The provider used data to monitor and improve performance.

All staff we spoke with were clear on their individual roles and responsibilities. Managers met with staff regularly to complete appraisals and performance reviews.

The provider had established governance processes that were appropriate for the service. A regular suite of searches of the clinal record system were being run to identify patient needs and ensure these were being met.

Staff could access all required policies and procedures. Managers held regular practice meetings with staff, during which they discussed clinical concerns and emerging risks.

The practice used digital services securely and effectively. There were arrangements in place for the availability, integrity and confidentiality of data, records, and data management systems and staff took patient confidentiality and information security seriously.

Systems and protocols were in place to ensure data and notifications were submitted to external organisations as required.

There were arrangements for identifying, managing, and mitigating risks. A major incident plan was in place.

Partnerships and communities

Score: 3

The provider worked collaboratively and in partnership with relevant external stakeholders, commissioners and partner agencies to provide and develop effective services.

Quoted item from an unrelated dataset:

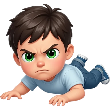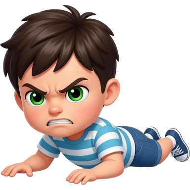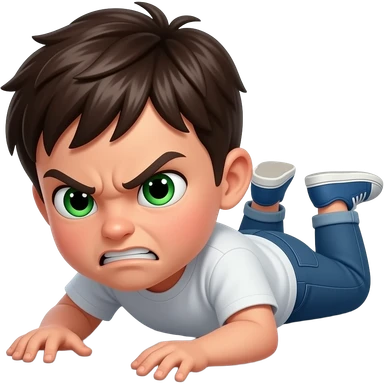 Little slim dark haïr boy with green eyes lying very very angry on the floor emoji

The practice had a Patient Participation Group (PPG) and they engaged with the PPG on a regular basis. We met with a representative of the PPG and they told us the provider consulted with them and sought their views on the service provided and developments.

Learning, improvement and innovation

Score: 3

There was a focus on continuous learning and improvement across the service. For example, the service was a GP training practice.

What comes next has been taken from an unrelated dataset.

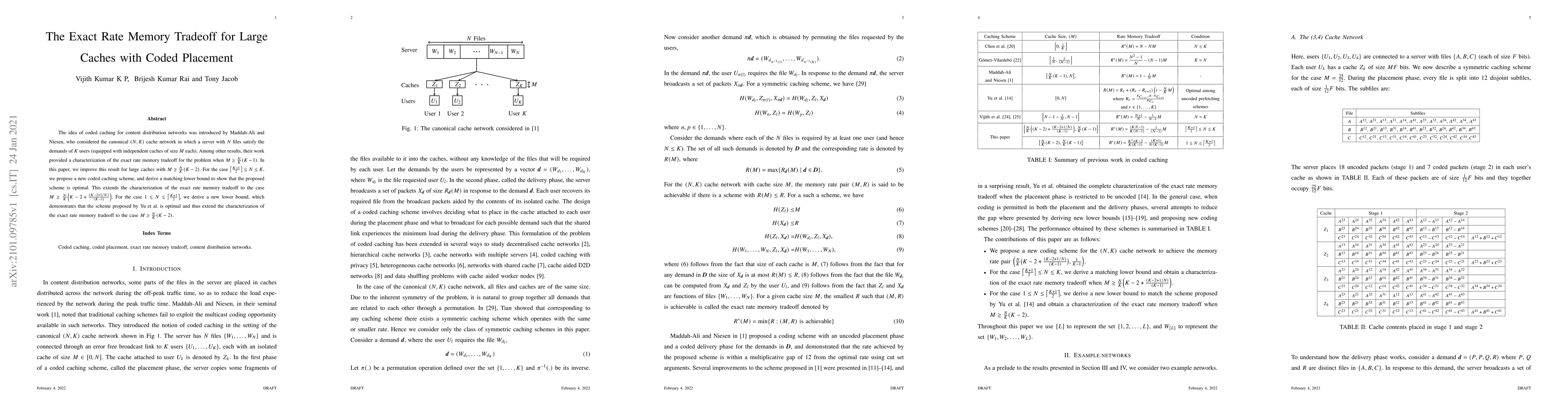 This paper improves the characterization of the exact rate memory tradeoff for large caches in content distribution networks, proposing a new coded caching scheme for specific cache sizes and deriving matching lower bounds to show optimality. It extends the tradeoff for caches with sizes $M\geq \frac{N}{K}(K-2)$ and $M\geq \frac{N}{K}\Big(K-2+\frac{(K-2+1/N)}{(K-1)}\Big)$.

There were regular clinical meetings to discuss patient needs and best practice.

Systems for assessing the quality of the service and outcomes for patients were in place.

There were processes to ensure that learning was shared when there were incidents and action was taken to improve the service and prevent a reoccurrence.

The provider worked collaboratively and in partnership with stakeholders to improve the experience of people who used the service and those within the locality.

Leaders told us they maintained strong external relationships that supported improvement and innovation.